What needs to be done
The goal is a clean copy of all the data below, with pictures dropped and everything else retyped exactly.

Supplied material
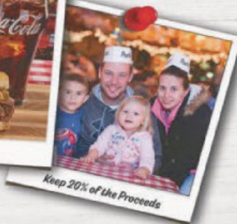
Keep 20% of the Proceeds

Join us at Portillo's for a fundraiser to support:
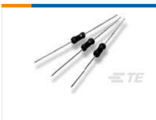
TE Part #1-1625892-8 3W SM M/OX 5% 180K
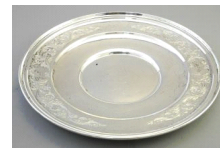
Lot # 445
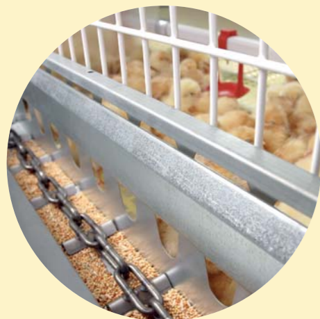
Chain feeding system with centrally adjustable feed access slots

Manure is removed automatically from all decks on polypropylene manure belts. To extend the lifetime of the manure belts Farmer Automatic has developed special manure belt rollers which support the belts. Even in very long cage rows the manure belts run as easily as if on ball bearings.

Task solution
Keep 20% of the Proceeds

Join us at Portillo's for a fundraiser to support:
TE Part #1-1625892-8 3W SM M/OX 5% 180K
Lot # 445
Chain feeding system with centrally adjustable feed access slots

Manure is removed automatically from all decks on polypropylene manure belts. To extend the lifetime of the manure belts Farmer Automatic has developed special manure belt rollers which support the belts. Even in very long cage rows the manure belts run as easily as if on ball bearings.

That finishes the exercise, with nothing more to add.